These are the key concepts you need to understand to accurately answer the question.

normal distribution
A normal distribution is a bell-shaped curve that is symmetrical around the mean. This distribution is often used in statistics because many real-world phenomena tend to follow this pattern.
Key properties of a normal distribution include:
  • Mean, median, and mode are all equal
  • Symmetrical shape
  • Approach zero asymptotically in both directions
In the exercise, it's claimed the values were drawn from a normal distribution with mean \(\text{N}(0,1)\). This means the values should center around 0 with a standard deviation of 1.
t-test
The t-test is used to determine if there are significant differences between the means of two datasets. In this context, we perform a two-sample t-test.
Here's how it works:
  • Calculate the means of sets A and B
  • Compute the variances and standard deviations of both sets
  • Determine the number of observations in each set
  • Use the formula for the t-statistic: \(\text{t} = \frac{\bar{X}_1 - \bar{X}_2}{\sqrt{\frac{s_1^2}{n_1} + \frac{s_2^2}{n_2}}}\)
The calculated t-value is then compared with the critical value from the t-distribution table. If the t-value falls within the critical range, we cannot reject the null hypothesis, indicating no significant difference between the means.
F-test
An F-test compares the variances of two datasets to see if they are significantly different. This is important for determining the consistency in data dispersion across samples.
Steps to perform an F-test:
  • Calculate the variances of sets A and B
  • Determine the ratio of the larger variance to the smaller variance. This ratio is the F-statistic: \(\text{F} = \frac{s_1^2}{s_2^2}\)
The F-statistic is compared with the critical value from the F-distribution table at a chosen significance level.
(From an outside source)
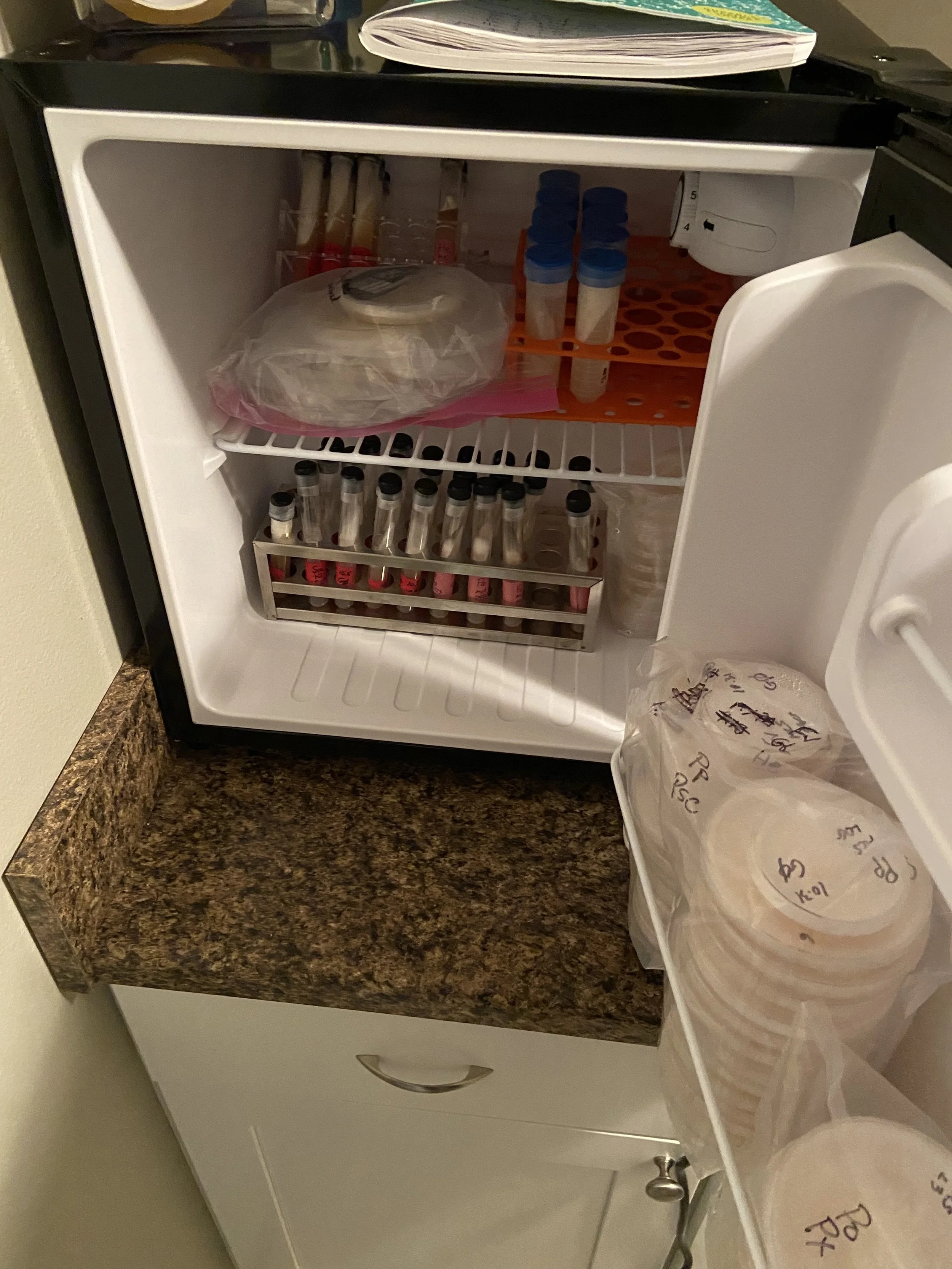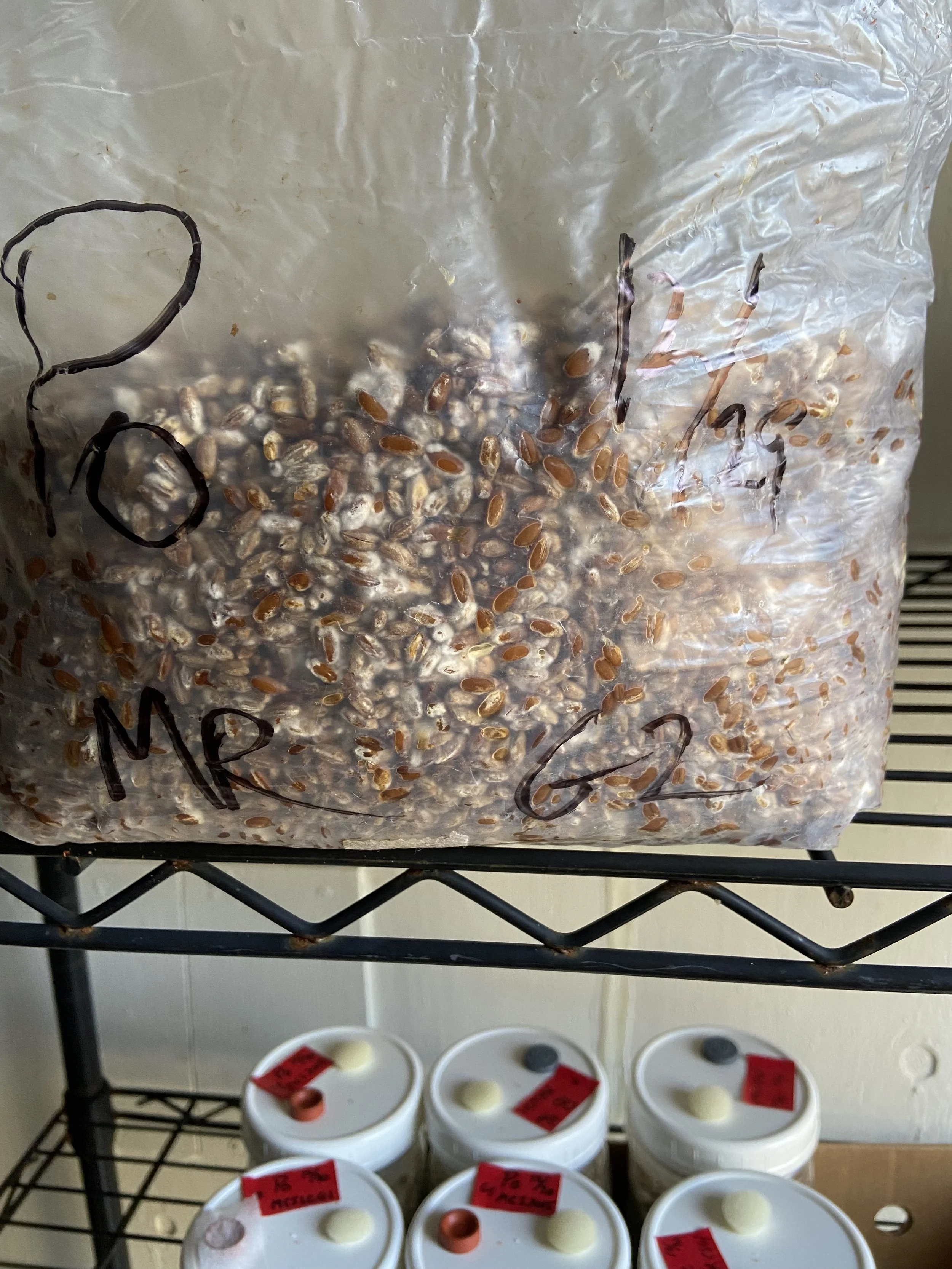 Mushroom farming begins at the lab with tissue culture, liquid culture, grain sterilization and spawn creation. Each variety’s genetics is purchased from other farms or companies that specialize in mushroom culture. The fresh culture is expanded into 10-12 slants that we use to always have the youngest and freshest culture possible in our spawn production each month. Each month a new slant is taken out of the fridge and the mycelium is put onto a petri dish to grow, and once expanded it will be used to create grain master jars or liquid culture, depending on what species we are using. After the grain master or liquid culture has colonized we sterilize 3-5 lbs of rye grain or rolled oats and once cooled the two are mixed to create spawn for bulk substrate inoculation. Contrary to the general belief that mushroom farms have to be super clean, the lab portion of farming, and inoculation are the times that need the most care in regards to cleanliness as one single mold spore, or single bacteria can ruin thousands of dollars of bulk substrate down the line.

If the ratio is within the critical value, we assume the variances are equal.
sample mean
The sample mean is the average of all values in a dataset. It's a measure of central tendency that provides a quick summary of the data.
To calculate the sample mean:
  • Sum all values in the dataset
  • Divide by the number of values
In the exercise, you calculate the means for sets A and B to analyze their central tendencies and to use them in further statistical tests like the t-test.
variance
Variance measures how much the values in a dataset differ from the mean. It provides an idea of the data's spread.
Steps to calculate variance:
  • Find the mean of the dataset
  • Subtract the mean from each value to find the deviation
  • Square each deviation
  • Calculate the average of these squared deviations. This is the variance: \(\text{Variance} = \frac{\sum (X - \bar{X})^2}{n-1}\)
Variance is crucial for performing an F-test and understanding the dispersion of data in sets A and B.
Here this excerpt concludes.